DATA EXTRACT Start Marker
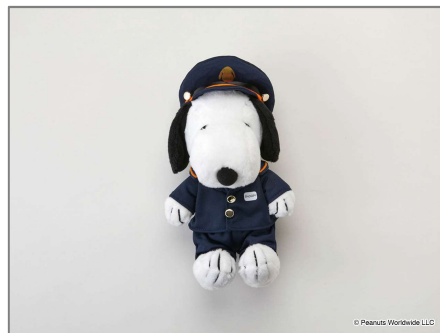
★● スヌーピータウンミニ
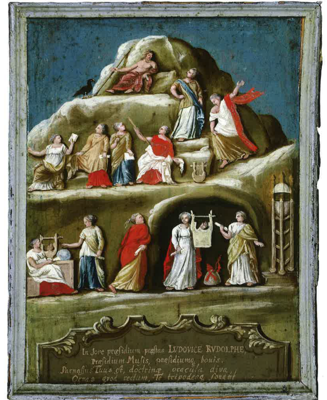
Abb. 81: Die Musen auf dem Parnass, hier in den Elm-Wald verlegt; mit Jupiter, Herzog Ludwig Rudolph und Apollon (1731), HAB B 91
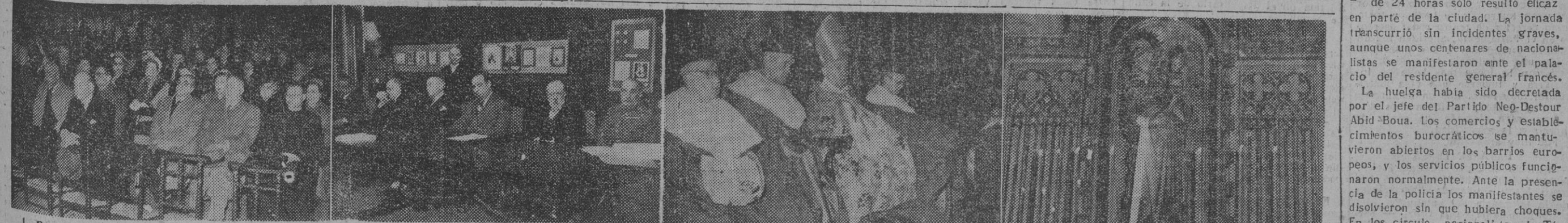
1. Presidencia del solemne funeral celebrado esta mañana, en la Santa Iglesia Catedral, en memoria del gran bacteriólogo doctor don Jaime Ferrán Clúa, con motivo de conmemorarse hoy el centenario de su muerte. — 2. Un momento de la entrega de premios de la Exposición de Bellas Artes. — 3. El señor obispo de la diócesis, doctor Modrego, oficiando en la ceremonia religiosa de esta mañana, en la Catedral, con motivo de la festividad de la Candelera. — 4. Detalle de uno de los altares de la Basílica, adornado con artísticas velas, ofrecidas por los fieles.
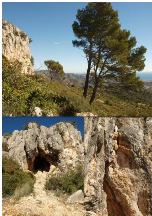
Imagen 14. Puntos de interés: Pinos centenarios, Cueva-refugio y Virgencita.

Sin lugar a dudas constituyen elementos que configuran una parada curiosa y característica del camino que vale la pena realizar.
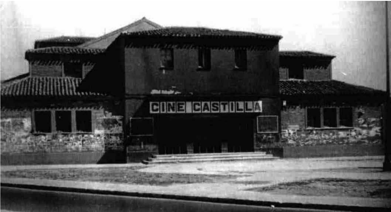
El Cine Castilla del barrio Girón.
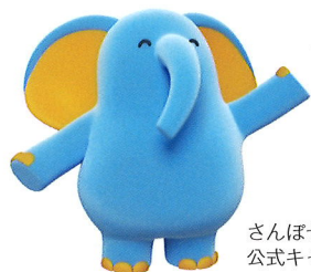
さんぽセンター 公式キャラクター
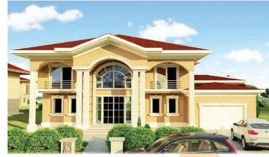
Tip - E
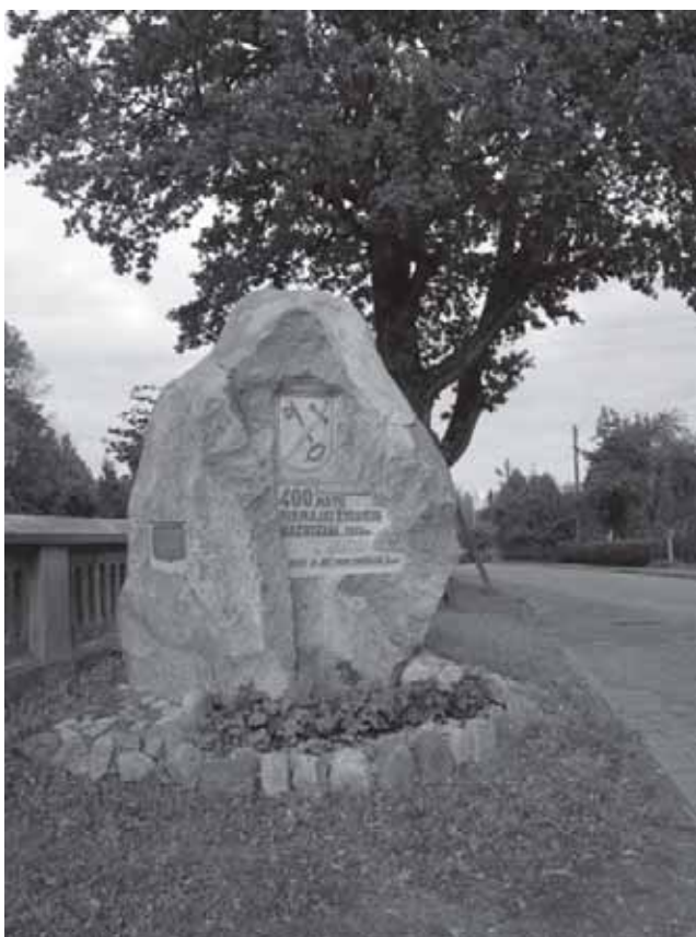
Nuotraukose: koplytėlė-paminklas Šventųjų 1934-ųjų metų atminimui Žygaičių katalikų bažnyčios šventoriuje, paminklas pirmosios Žygaičių katalikų bažnyčios vietoje ir Žygaičių miestelio kryžiai

Žygaičiuose paskutiniaisiais metais nuolat gyvena apie 700 žmonių.
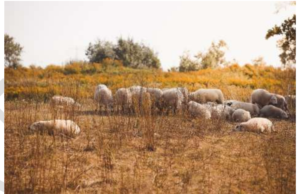
Figuur 9 Grazende schapen bij Aagtenpark
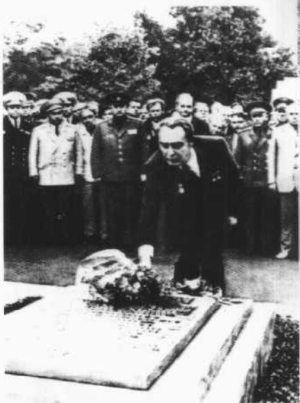
勃列日涅夫 向烈士墓献 花(1974年)
DATA EXTRACT End Marker
Each entry is to be returned precisely as it appears, but the pictures are to be dropped.

★● スヌーピータウンミニ
Abb. 81: Die Musen auf dem Parnass, hier in den Elm-Wald verlegt; mit Jupiter, Herzog Ludwig Rudolph und Apollon (1731), HAB B 91
1. Presidencia del solemne funeral celebrado esta mañana, en la Santa Iglesia Catedral, en memoria del gran bacteriólogo doctor don Jaime Ferrán Clúa, con motivo de conmemorarse hoy el centenario de su muerte. — 2. Un momento de la entrega de premios de la Exposición de Bellas Artes. — 3. El señor obispo de la diócesis, doctor Modrego, oficiando en la ceremonia religiosa de esta mañana, en la Catedral, con motivo de la festividad de la Candelera. — 4. Detalle de uno de los altares de la Basílica, adornado con artísticas velas, ofrecidas por los fieles.
Imagen 14. Puntos de interés: Pinos centenarios, Cueva-refugio y Virgencita.

Sin lugar a dudas constituyen elementos que configuran una parada curiosa y característica del camino que vale la pena realizar.
El Cine Castilla del barrio Girón.
さんぽセンター 公式キャラクター
Tip - E
Nuotraukose: koplytėlė-paminklas Šventųjų 1934-ųjų metų atminimui Žygaičių katalikų bažnyčios šventoriuje, paminklas pirmosios Žygaičių katalikų bažnyčios vietoje ir Žygaičių miestelio kryžiai

Žygaičiuose paskutiniaisiais metais nuolat gyvena apie 700 žmonių.
Figuur 9 Grazende schapen bij Aagtenpark
勃列日涅夫 向烈士墓献 花(1974年)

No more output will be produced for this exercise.